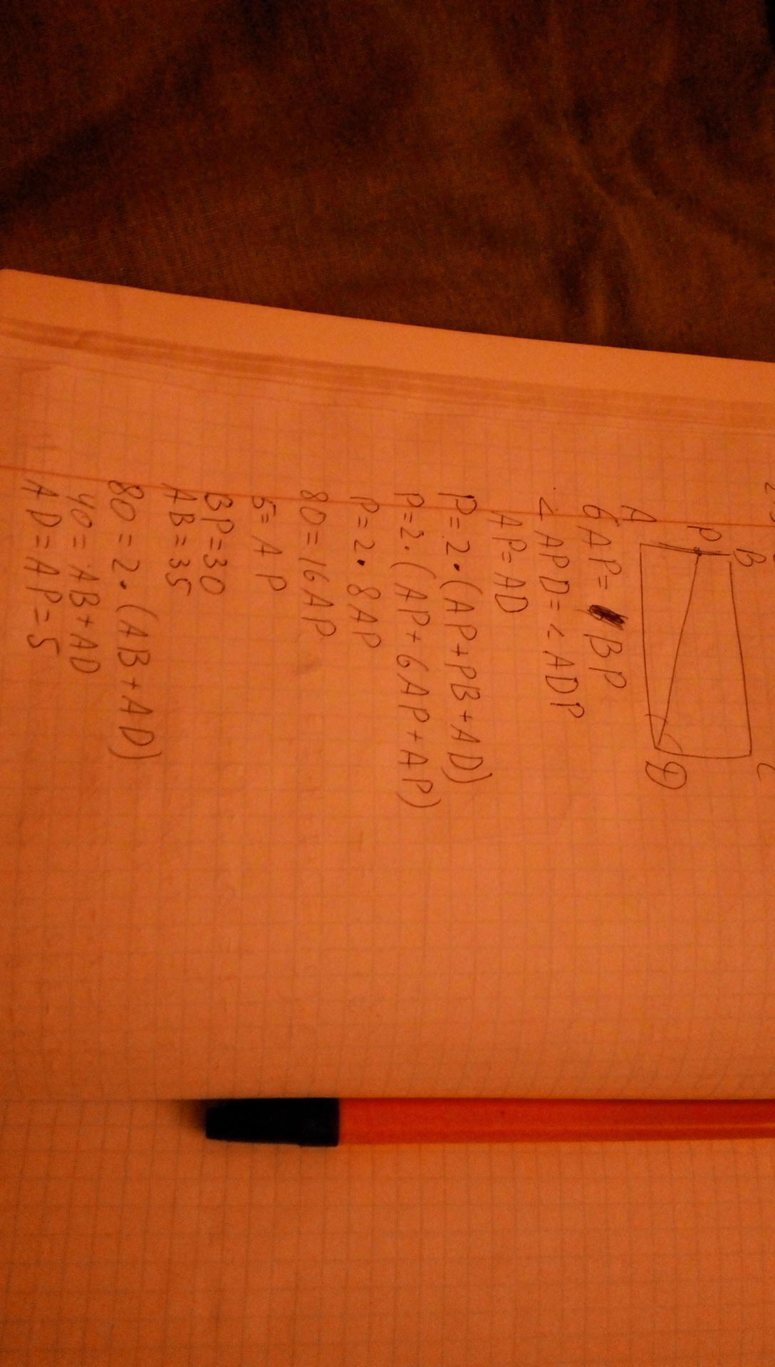 В прямоугольнике ABCD биссектриса угла D пересевает сторону AB в точке Р. Отрезок АР меньше отрезка ВР в 6 раз. Найдите стороны прямоугольник, если его периметр равен 80 см.
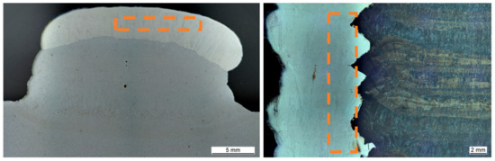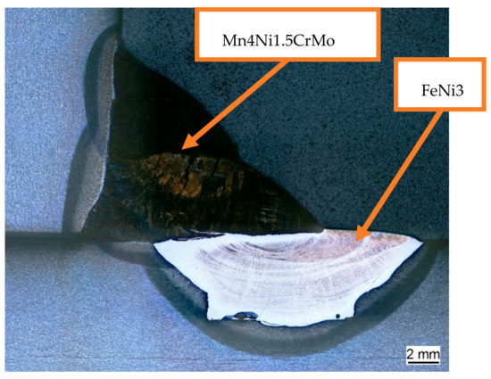 In addition, a micrograph and a specimen for hardness measurement were prepared from the welded test piece. Furthermore, the microstructures were analyzed. Figure 4 shows a micrographic cross section transverse to the welding direction. The different materials are clearly distinguishable. Furthermore, due to the different etching behavior, zones of different dilution in the low-alloy material can also be identified.
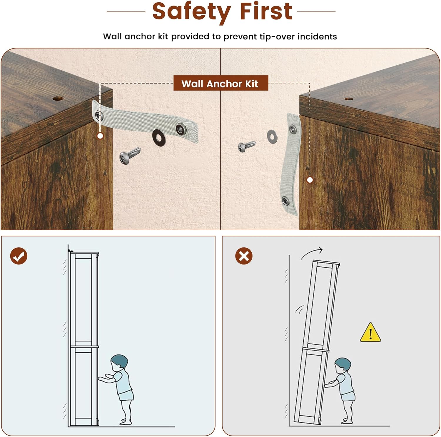 - Stable and Safe: The display case features a specially reinforced connection, ensuring enhanced stability. Equipped with anti-tip devices, it prioritizes safety. Store your items with ease and confidence, knowing that its reliability has been built to last

WHAT TO WORK ON
An exact copy is needed of the lines from the start of the listing through the line with "In addition, a", both end lines included and pictures excluded.

ANSWER SPACE
 В прямоугольнике ABCD биссектриса угла D пересевает сторону AB в точке Р. Отрезок АР меньше отрезка ВР в 6 раз. Найдите стороны прямоугольник, если его периметр равен 80 см.
 In addition, a micrograph and a specimen for hardness measurement were prepared from the welded test piece. Furthermore, the microstructures were analyzed. Figure 4 shows a micrographic cross section transverse to the welding direction. The different materials are clearly distinguishable. Furthermore, due to the different etching behavior, zones of different dilution in the low-alloy material can also be identified.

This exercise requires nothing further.